# [ASSIGNMENT]
For this exercise, repeat the listing below from its first line through the line containing "Sociologie Manual Pentru", exactly as written.

# [DATA FOR ANALYSIS]
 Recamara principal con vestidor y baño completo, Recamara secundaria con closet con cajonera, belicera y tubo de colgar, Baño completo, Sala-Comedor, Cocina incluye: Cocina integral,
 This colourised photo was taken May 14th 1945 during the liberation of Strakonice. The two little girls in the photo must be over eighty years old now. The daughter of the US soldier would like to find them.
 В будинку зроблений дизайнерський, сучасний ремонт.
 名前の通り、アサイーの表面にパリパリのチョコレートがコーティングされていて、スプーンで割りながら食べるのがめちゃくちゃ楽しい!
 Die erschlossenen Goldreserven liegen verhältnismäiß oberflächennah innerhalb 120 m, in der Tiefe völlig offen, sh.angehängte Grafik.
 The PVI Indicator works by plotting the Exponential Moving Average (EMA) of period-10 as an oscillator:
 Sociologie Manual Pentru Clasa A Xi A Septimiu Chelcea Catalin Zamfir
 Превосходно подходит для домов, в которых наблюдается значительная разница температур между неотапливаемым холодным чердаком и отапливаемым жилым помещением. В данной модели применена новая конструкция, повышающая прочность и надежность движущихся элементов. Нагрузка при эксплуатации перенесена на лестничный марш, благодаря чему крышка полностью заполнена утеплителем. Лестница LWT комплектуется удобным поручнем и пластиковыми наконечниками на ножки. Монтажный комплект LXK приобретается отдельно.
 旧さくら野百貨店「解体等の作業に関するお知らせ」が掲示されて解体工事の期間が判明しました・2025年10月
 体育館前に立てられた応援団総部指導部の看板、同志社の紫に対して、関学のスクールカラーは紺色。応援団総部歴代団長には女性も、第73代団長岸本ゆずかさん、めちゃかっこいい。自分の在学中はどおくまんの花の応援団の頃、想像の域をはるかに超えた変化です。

# [OUTPUT FOR THIS TASK]
 Recamara principal con vestidor y baño completo, Recamara secundaria con closet con cajonera, belicera y tubo de colgar, Baño completo, Sala-Comedor, Cocina incluye: Cocina integral,
 This colourised photo was taken May 14th 1945 during the liberation of Strakonice. The two little girls in the photo must be over eighty years old now. The daughter of the US soldier would like to find them.
 В будинку зроблений дизайнерський, сучасний ремонт.
 名前の通り、アサイーの表面にパリパリのチョコレートがコーティングされていて、スプーンで割りながら食べるのがめちゃくちゃ楽しい!
 Die erschlossenen Goldreserven liegen verhältnismäiß oberflächennah innerhalb 120 m, in der Tiefe völlig offen, sh.angehängte Grafik.
 The PVI Indicator works by plotting the Exponential Moving Average (EMA) of period-10 as an oscillator:
 Sociologie Manual Pentru Clasa A Xi A Septimiu Chelcea Catalin Zamfir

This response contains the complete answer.